PROBLEM STATEMENT
In the records below, print each line exactly and leave every image out.

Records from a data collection
+---+
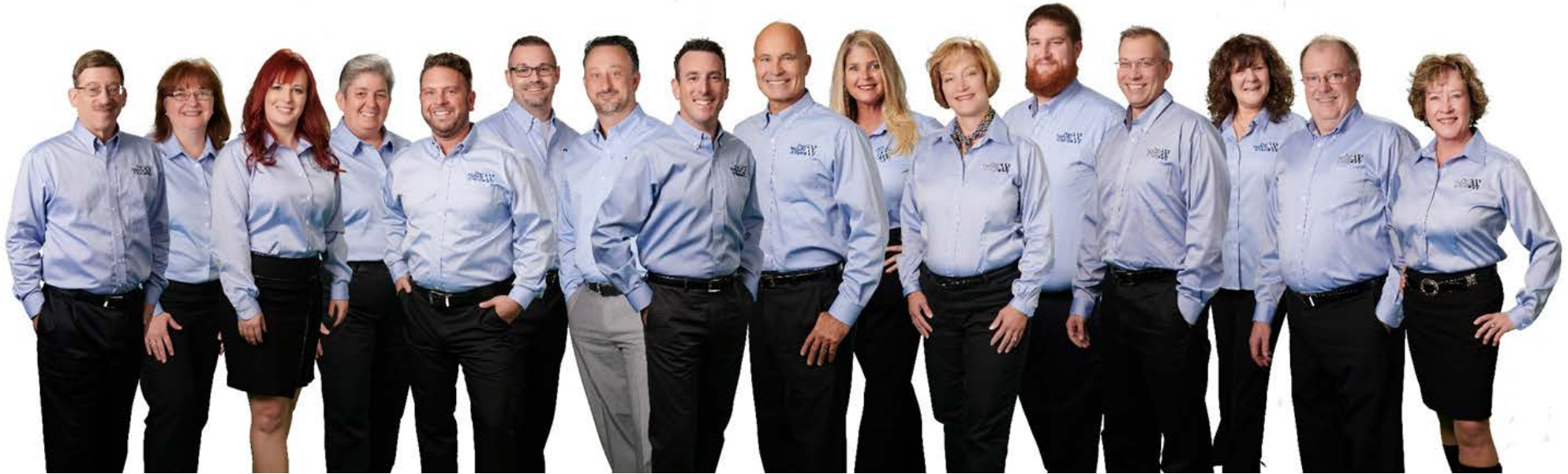
The PWW Team - 2019
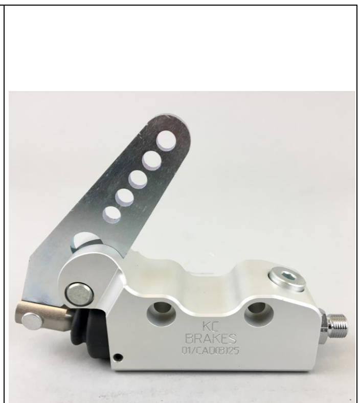
Photograph of master cylinder
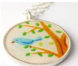
Pendant with embroidered fabric scrap

Textile scraps have many creative uses if a designer uses his/her imagination. One can make gorgeous, colorful, and tangible wearable works of art from recycled pieces of fabric and textiles. One interesting use for small bits of fabric is making fabric beads, which get incorporated into beautiful fabric or textile jewellery that is sure to earn compliments to wearer. The beautiful extracts of embroidered or basted fabric pieces can be embedded in various metals to form a delightful pendant. These are then worked on with various embroidery and beading techniques to create the finished textile jewellery pieces.
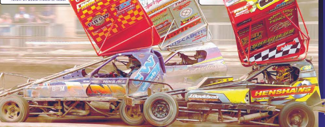
Genuine BrISCA BESTat OWLERTON SHEFFIELD Showin' Wide-a-Full Contact August 2019!

CHASE 2020 First Evening Drawback at BSCDA.com Ticket prices & On Sale dates theChase at www.Startrax.info Follow on Social Media for latest
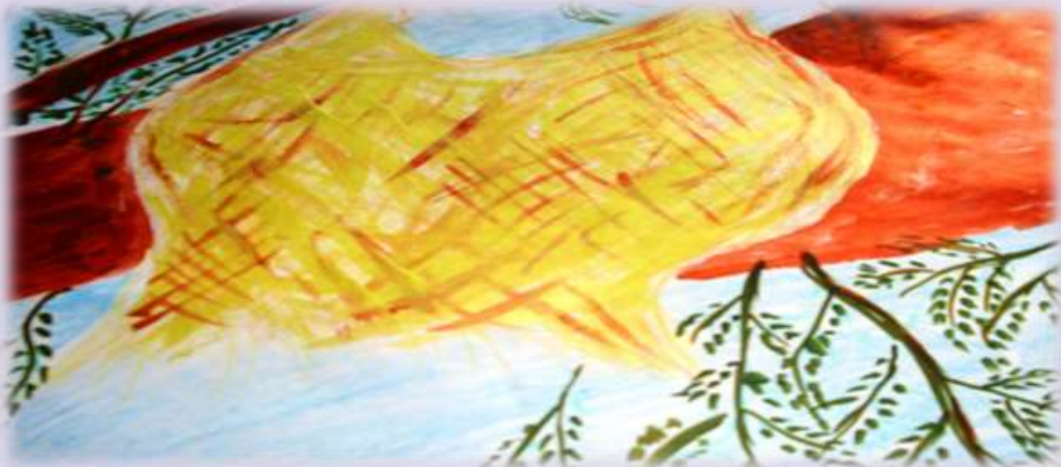
PLATE-13( NEST OF BAYA WEAVER (JOINT NEST) AS A ART)
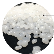
PELLETS Ideal for auto-fed hot melt dispensing equipment

H.B. Fuller hot melt adhesives are available in two forms.
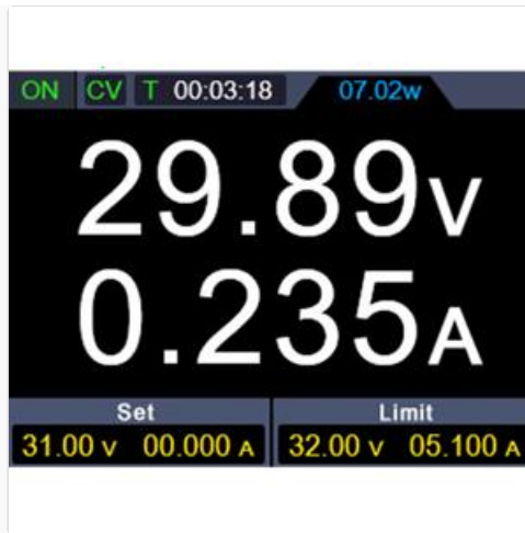
Figure 6.1: The 2.8-inch IPS LCD displaying set and actual voltage/current values.
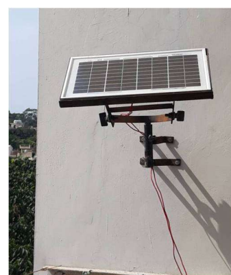
Fig.2. Solar tracker system

Solar panel voltage: 18 V, Angle set for solar tracker is: 30 Degree, Horizontal and vertical motions are possible using solar tracker system. Fig.2 shows the solar panel with the tracker system.
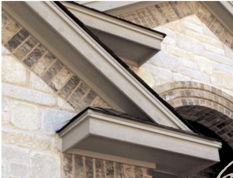
Ashlar accented by Winslow Brick

More and more homeowners are loving the dramatic, natural look they get from Hanson Rock series. Is it the variety of sizes and options they can choose from? Is it because they can use it throughout the home, or as accents with other brick? Is it because it's easier to install and less expensive than natural stone? Or is it because they save on energy costs and maintenance while profiting from their investment in Rock Series products? No matter how you look at it, the answer is yes.
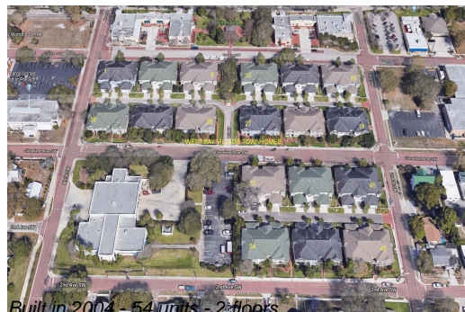
Built in 2004 - 54 units - 2 floors
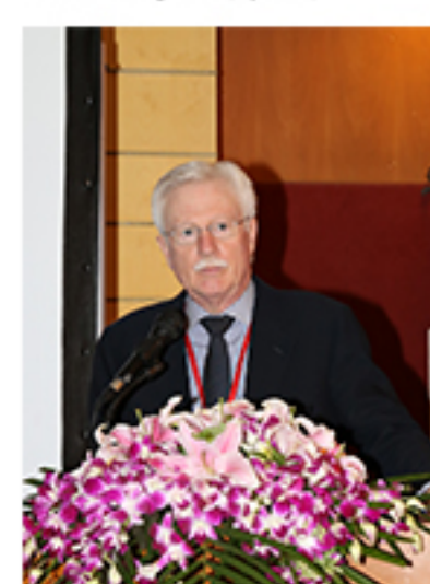
Fig7.Plenary lecture by Prof.George Koob(April 25)
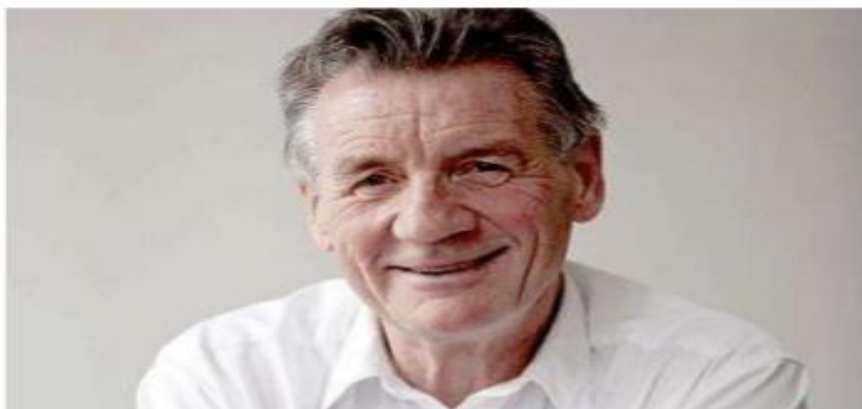
Michael Palin, Former president of the Royal Geographical Society
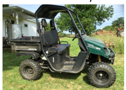
2018 Landstar LS 677 EFI utility/ATV, like new
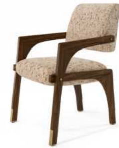
ARCHES Dining chair
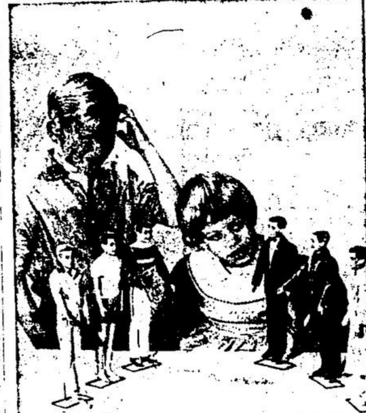
MIXED REACTIONS: The young lady seems pleased but the reaction of her young gentleman friend is a bit different. He isn't quite sure of his opinion regarding the new boy dolls on the holiday market this year as companion to more familiar girl-type dolls. "Well... if you like dolls..."

KEEP CHILDREN BUSY AS HOLIDAY NEARS Children get bored during the Christmas season. Sure, Christmas is a season of excitement for the young ones. The trouble is they get so excited waiting for Santa to come that they become impatient — and need something to occupy their time. The wise mother will give them something to do. Children enjoy making things with their hands. They are anxious to help decorate the house and the tree. Many parents brush them aside, saying "You are too little"
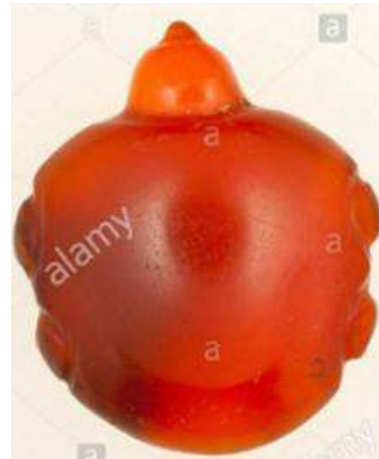
Fig. 1: Sarcophagus of a Queen from 18 th Dynasty. [3] Fig. 2: Carnelian amulet from 18 th Dynasty. [4]
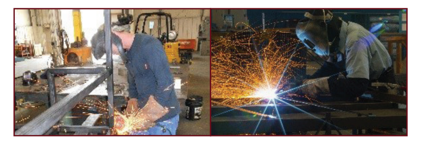
Welding & Fabrication
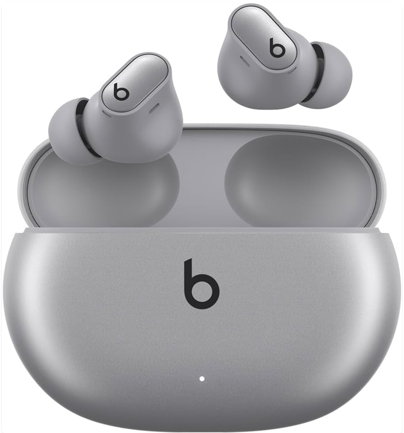
Image: Beats Studio Buds + earbuds inside their Cosmic Silver charging case, ready for charging or use.
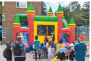
Food trucks and bouncy castle, Bouncy castle 8 in and 8 lined up
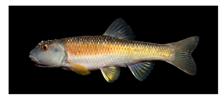
Figure 10. Male Bluehead Chub with spawning tubercles and colors.
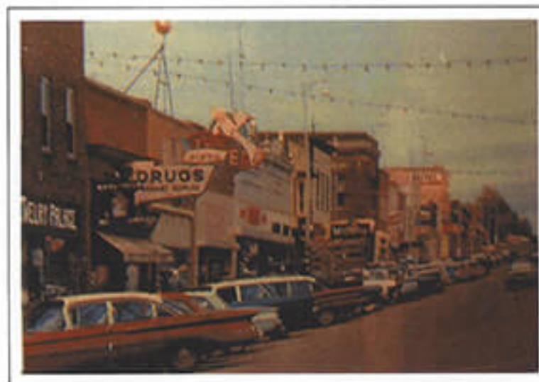
Mid-20th Century Hettinger Main Street

Dakota Buttes Historical Society/Museum works to discover, collect, preserve, display and make available to the public representative items and materials that illustrate the life and time of the area.
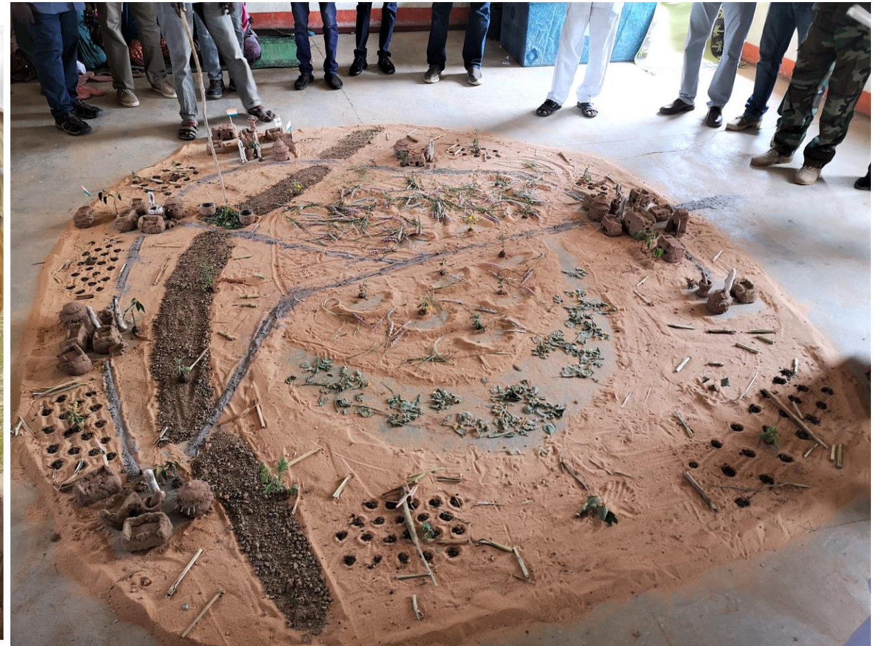
A model illustrating integration of pasture management and other climate resilient practices
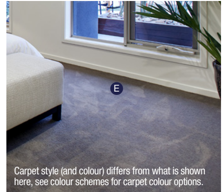
Carpet style (and colour) differs from what is shown here, see colour schemes for carpet colour options.
+---+
SOLUTION TO THIS EXERCISE
The PWW Team - 2019
Photograph of master cylinder
Pendant with embroidered fabric scrap

Textile scraps have many creative uses if a designer uses his/her imagination. One can make gorgeous, colorful, and tangible wearable works of art from recycled pieces of fabric and textiles. One interesting use for small bits of fabric is making fabric beads, which get incorporated into beautiful fabric or textile jewellery that is sure to earn compliments to wearer. The beautiful extracts of embroidered or basted fabric pieces can be embedded in various metals to form a delightful pendant. These are then worked on with various embroidery and beading techniques to create the finished textile jewellery pieces.
Genuine BrISCA BESTat OWLERTON SHEFFIELD Showin' Wide-a-Full Contact August 2019!

CHASE 2020 First Evening Drawback at BSCDA.com Ticket prices & On Sale dates theChase at www.Startrax.info Follow on Social Media for latest
PLATE-13( NEST OF BAYA WEAVER (JOINT NEST) AS A ART)
PELLETS Ideal for auto-fed hot melt dispensing equipment

H.B. Fuller hot melt adhesives are available in two forms.
Figure 6.1: The 2.8-inch IPS LCD displaying set and actual voltage/current values.
Fig.2. Solar tracker system

Solar panel voltage: 18 V, Angle set for solar tracker is: 30 Degree, Horizontal and vertical motions are possible using solar tracker system. Fig.2 shows the solar panel with the tracker system.
Ashlar accented by Winslow Brick

More and more homeowners are loving the dramatic, natural look they get from Hanson Rock series. Is it the variety of sizes and options they can choose from? Is it because they can use it throughout the home, or as accents with other brick? Is it because it's easier to install and less expensive than natural stone? Or is it because they save on energy costs and maintenance while profiting from their investment in Rock Series products? No matter how you look at it, the answer is yes.
Built in 2004 - 54 units - 2 floors
Fig7.Plenary lecture by Prof.George Koob(April 25)
Michael Palin, Former president of the Royal Geographical Society
2018 Landstar LS 677 EFI utility/ATV, like new
ARCHES Dining chair
MIXED REACTIONS: The young lady seems pleased but the reaction of her young gentleman friend is a bit different. He isn't quite sure of his opinion regarding the new boy dolls on the holiday market this year as companion to more familiar girl-type dolls. "Well... if you like dolls..."

KEEP CHILDREN BUSY AS HOLIDAY NEARS Children get bored during the Christmas season. Sure, Christmas is a season of excitement for the young ones. The trouble is they get so excited waiting for Santa to come that they become impatient — and need something to occupy their time. The wise mother will give them something to do. Children enjoy making things with their hands. They are anxious to help decorate the house and the tree. Many parents brush them aside, saying "You are too little"
Fig. 1: Sarcophagus of a Queen from 18 th Dynasty. [3] Fig. 2: Carnelian amulet from 18 th Dynasty. [4]
Welding & Fabrication
Image: Beats Studio Buds + earbuds inside their Cosmic Silver charging case, ready for charging or use.
Food trucks and bouncy castle, Bouncy castle 8 in and 8 lined up
Figure 10. Male Bluehead Chub with spawning tubercles and colors.
Mid-20th Century Hettinger Main Street

Dakota Buttes Historical Society/Museum works to discover, collect, preserve, display and make available to the public representative items and materials that illustrate the life and time of the area.
A model illustrating integration of pasture management and other climate resilient practices
Carpet style (and colour) differs from what is shown here, see colour schemes for carpet colour options.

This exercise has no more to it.